4.3.1. Background of Intramolecular H-bonding in Benzoxazines

The structure of inter- and intra-molecular H-bonding occurring in benzoxazine dimers, trimers and tetramers was studied by high-resolution solid-state ¹H NMR. The 2D single quantum-double quantum spectroscopic results provided evidence for local helical formation trend in polybenzoxazine chains despite the polymer being overall amorphous [409]. The persistence of intramolecular hydrogen bonding does exist even in the molten state [125]. It was proposed that benzoxazine with free o-position in phenol or two free hydroxyl groups in an open benzoxazine ring reveals co-occurrence of both inter- and intra-molecular H-bond between –OH---N–, depending on the pK_a value of the involved species. This led to the formation of asymmetric product due to preoccupancy of such van der Waals forces. Therefore the p-substituted phenol-based monomers undergo self-terminated ROP as soon as dimer forms instead of giving linear oligomer or polymer, with varied reaction conditions as supported by TLC, HPLC, FTIR, ¹H-NMR and elemental analysis [80,132]. This feature is illustrated in Figure 69.

Figure 69.

Hypothesis of the molecular mechanism for self-termination of a p-substituted phenol-based benzoxazine [132].

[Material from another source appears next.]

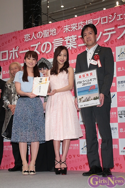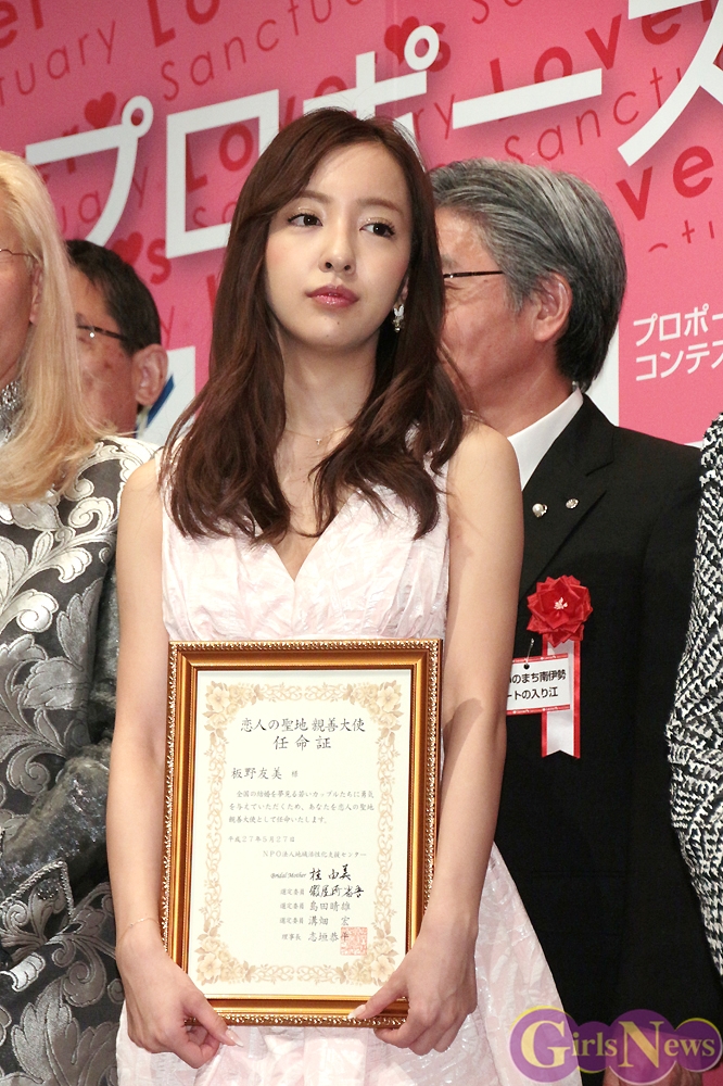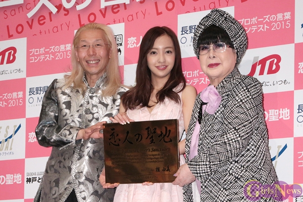 5月27日、「第9回 恋人の聖地 全国プロポーズの言葉コンテスト2015」の授賞式が青山セントグレース大聖堂で行われ、歌手の板野友美さんが「恋人の聖地親善大使」、モデルの大石参月さんが「ウェディング推進大使」の任命証を授与された。

Intramolecular hydrogen bonds are the basis for ring-shape and helical conformations of trimeric and tetrameric units of Bz. Hydrogen bonds strongly influence the adopted structural conformation. Both trimers and tetramers contained stable intramolecular OH---N and usual OH---O hydrogen bonds giving them a closed-ring like geometry [409].

The -OH---N intramolecular hydrogen bonding forms a stable six-membered structure, resulting in a methylene proton deshielding effect in methylene protons. The amine functional group in the Mannich bridge is greatly responsible for the distribution of hydrogen bonding species. The strength of hydrogen bonding is dependent on the electronegativity of the side group or the basicity of amine functional group which is attached to the nitrogen atom [265,410]. Therefore, BA-m mainly consists of -OH---N intramolecular hydrogen bonding while BA-a has a large amount of intermolecular hydrogen bonding and relatively weak hydrogen bonding groups in the polymer network structure. The various proposed cyclic structures of N,N-bis(3,5-dimethyl-2-hydroxybenzyl)methylamine dimers showed different types of H-bonding interactions to various extents by FTIR analysis as tabulated in Table 5 [411], which are consistent with XRD structures of methyl-dimer [125].

Table 5.

Fraction of various hydrogen bonded species for different sizes of benzoxazine oligomers in 50 mM CCl₄ solutions [411].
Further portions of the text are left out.